I noticed a pattern: veranika, prieska, and bierrocks were all pockets—a German Mennonite pocket trifecta. Who were these crazed women obsessed with putting food in pockets? Didn’t they know that creating pockets out of noodle dough, or pie dough, or bread dough was incredibly difficult and time consuming? Hadn’t they heard about casseroles? What maniacal obsession possessed them?
A few years ago my sister and her family moved to Freeman, South Dakota, and my parents and I visited during Schmeckfest, Freeman Academy’s “Festival of Tasting.”
At the festival, demonstrators prepare a number of traditional foods.

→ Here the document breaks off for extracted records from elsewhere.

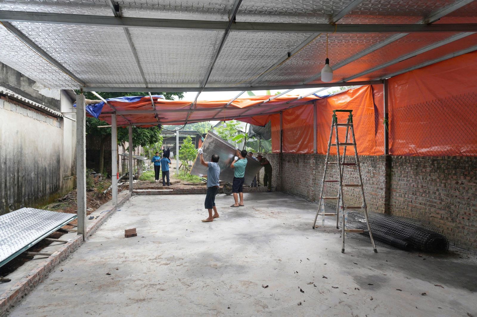 Tham gia buổi tháo dỡ có đồng chí Phí Sỹ Hùng - Trưởng Phòng Kinh tế, cán bộ Công an xã Hoàng An, Bí thư chi bộ, Trưởng thôn, Trưởng ban công tác Mặt trận, Tổ an ninh trật tự thôn Chằm cùng hộ gia đình ông Nguyễn Mạnh Cường.
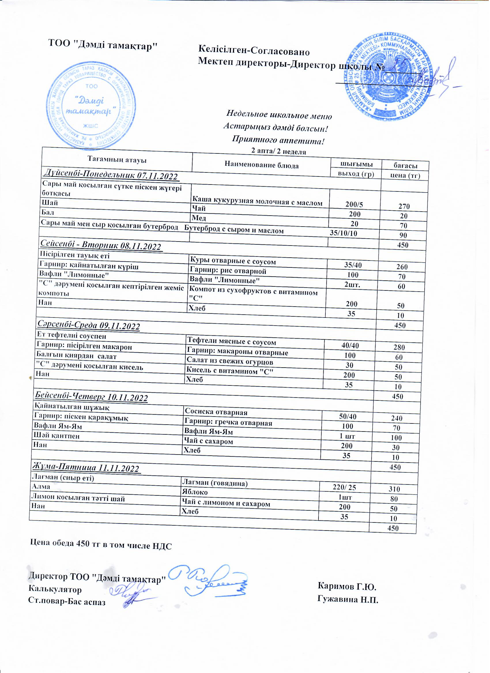 07 ноябрь 2022 0 1 2 3 4 5 Апталық ас мәзірі. Мектептің 07.11.2022 - 11.11.2022 ж. аралығындағы апталық ас мәзірі
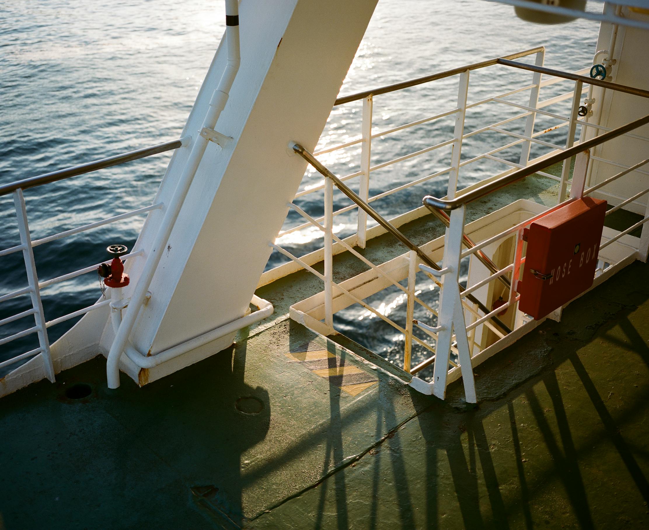 Enveloped in the warmth of the late afternoon sun, chasing fleeting patterns became a whimsical pursuit, turning the journey into a mesmerizing interplay of luminosity and shade on the sunny side of the Tokyo Wan Ferry.

At the booth where a woman was preparing veranika (which they call “cheese pockets”), I saw my chance.
“So how often do you make this at home?” I asked the woman rolling out the dough. “Once or twice a month?”
“Actually I just make it for Schmeckfest,” she replied.
I was floored.
On the drive home, I had a chance to pin down my parents.

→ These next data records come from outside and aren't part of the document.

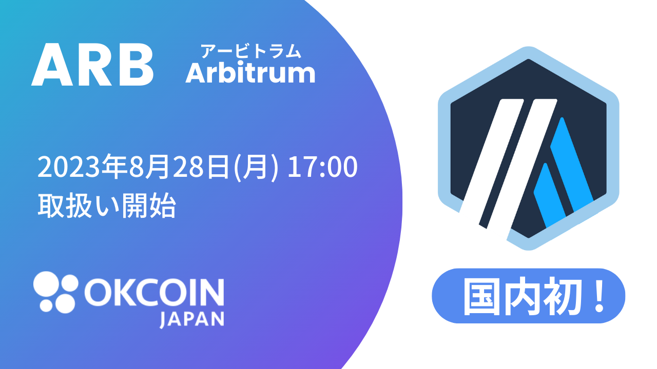 当社は、OKCoinJapan(暗号資産取引所)にて、『アービトラム(ARB)』を、2023年8月28日(月)に取り扱い開始することをお知らせいたします。これにより、OKCoinJapanは、28種類の暗号資産を取り扱うこととなります。
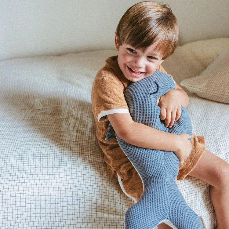 Ready to dive into an ocean of adventure with your son or daughter? Our blue whale cushion is the ideal companion. The honeycomb texture adds a unique tactile dimension, stimulating curiosity and the sense of touch. Whale adds a playful and aesthetic touch to the bedroom, inviting you to travel to a world of imagination. We love the graphic touch of the Grid printed double gauze. Shaped cushions in children's bedrooms go beyond simple decoration. They play a key role in a child's development, offering both physical and emotional support, while stimulating their imagination and learning.
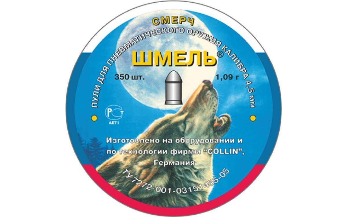 Пули пневматические Шмель 4,5 мм 1,09 грамма (350 шт.) - тяжелые свинцовые пули российского производства, используемые для охоты. Пули Шмель характеризуют отличные баллистические показатели. Калибр пуль 4,5 мм. Вес 1,09 гр. В банке 350 шт.
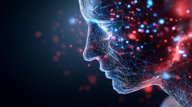Futuristic Digital Human Face Profile with Abstract Neural Network Patterns and Glowing Data Points
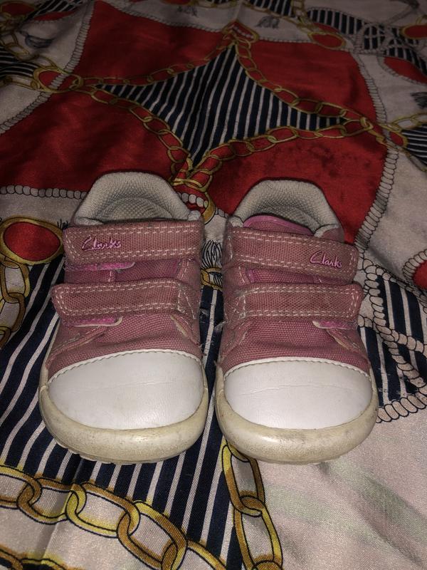 Clarks кроссовочки на липучках. Для первых шажочков и для коляски- для нас были идеальным вариантом. Дефектов нет. Возврат товара не предусмотрен.

“So how often did Grandma Epp actually make veranika?” I asked.
“Several times a year, mainly for special occasions,” my dad said.
“How about bierrocks?”
“She made them mainly in summer, to take to the field,” he said. “She liked to make extra to freeze to have on hand.”

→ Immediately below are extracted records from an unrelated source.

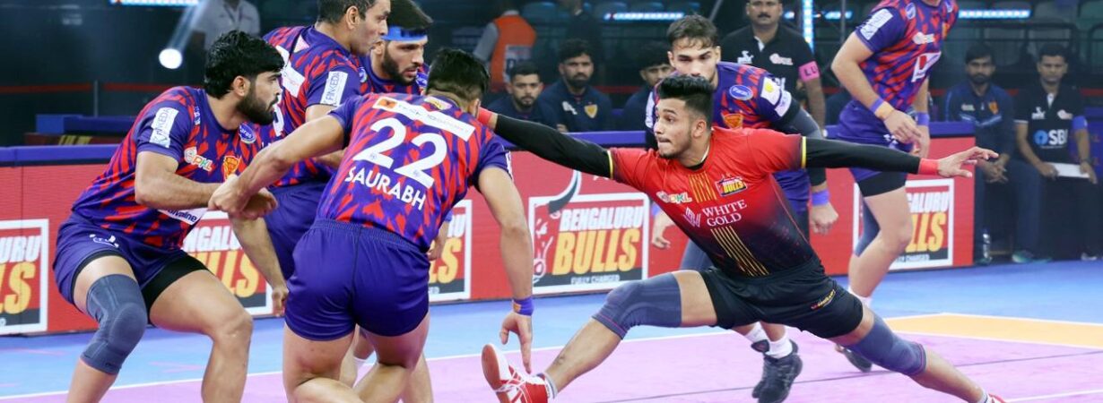 ತ್ಯಾಗರಾಜ ಒಳಾಂಗಣ ಕ್ರೀಡಾಂಗಣದಲ್ಲಿ ಶನಿವಾರ ನಡೆದ ಮೊದಲ ಪಂದ್ಯದಲ್ಲಿ ಬೆಂಗಳೂರು ಬುಲ್ಸ್ ತಂಡ 33-23 ಅಂಕಗಳಿಂದ ದಬಾಂಗ್ ದಿಲ್ಲಿ ತಂಡವನ್ನು ಹಣಿಯಿತು. ಇದರೊಂದಿಗೆ 8ನೇ ಜಯ ಗಳಿಸಿದ ಬುಲ್ಸ್ ಒಟ್ಟು 16 ಅಂಕಗಳನ್ನು ಕಲೆಹಾಕಿ ಅಂಕಪಟ್ಟಿಯಲ್ಲಿ ಅಗ್ರ ಐದರಲ್ಲಿ ಸ್ಥಾನ ಉಳಿಸಿಕೊಂಡಿದೆ.
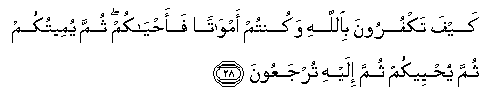 28. Kayfa takfuroona biAllahi wakuntum amwatan faahyakum thumma yumeetukum thumma yuhyeekum thumma ilayhi turjaAAoona
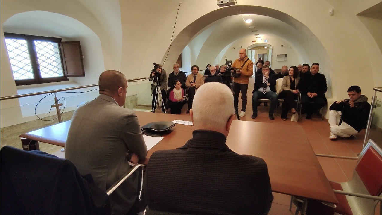 e – L’incontro con i giornalisti nel Palazzo Trigona
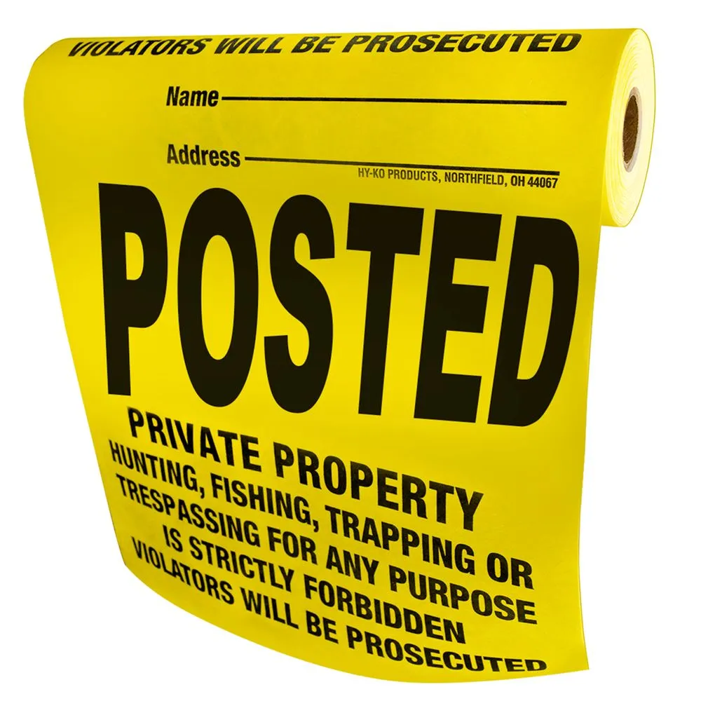 With 100 trespassing signs to a roll, you can protect your property from unwanted actions from trespassers. The posted property signs read, "Hunting, fishing, trapping, or trespassing for any purpose is strictly forbidden. Violators will be prosecuted."
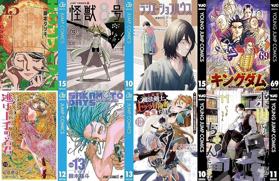 「チェンソーマン」「怪獣8号」「ラジエーションハウス」「来世ではちゃんとします」「キングダム」「逃げ上手の若君」「株式会社マジルミエ」「SAKAMOTO DAYS」「呪術廻戦 0 東京都立呪術高等専門学校」「史上最強の魔法剣士、Fランク冒険者に転生する」「放課後ひみつクラブ」などなど。

Of course she would. Even if Hot Pockets had been on the market then, she wouldn’t have bought pre-packaged foods.
“What about Grandma Ediger?” I asked my mom.
“We didn’t have veranika or bierrocks all that often,” my mom admitted. “However, she did make apple dumplings frequently, because we had a crab apple tree, and Grandpa really liked them.”
Stories of my grandma Ediger’s faith are legendary in our family, but I don’t think I’ve heard anything that illustrates her sweet, servant heart better than her willingness to spend hours upon hours in her kitchen making apple dumplings because they owned a crab apple tree (she was a thrifty Mennonite, after all) and her husband really liked them.
So the next time my husband requests veranika, I’ll try to smile and say, “Okay, great idea!”
Maybe I’ll even suggest making it myself.
Love this, Karen! I'm like Dave; I didn't know this wonderful food existed until I met Chad. Verenika...YUM!! Much to Chad's delight I made Zwiebach once, and they turned out great. I haven't attempted any of the "pocket" recipes. Way to go, you. :)
ReplyDeleteBeware of the pockets! Good for you for trying zwiebach--not an easy task either, but yummy! Makes me miss my grandma just thinking about them. . .
ReplyDeleteLove all of these foods. Grandma always had Zweibach on hand - They made great ham sandwiches for Faspa. I usually cheat, however - one of the ladies in Henderson< NE makes Verenike, Prieska and Zweibach and has them frozen - the Verenike and Prieska are ready to cook. I prefer frying the Verenike. What is interesting to me is that these are all Ukrainian dishes (the Verenike are stuffed with all sorts of things, not just the dry cottage cheese of our heritage). But much fun.
ReplyDeleteI'm glad I stumbled across your site.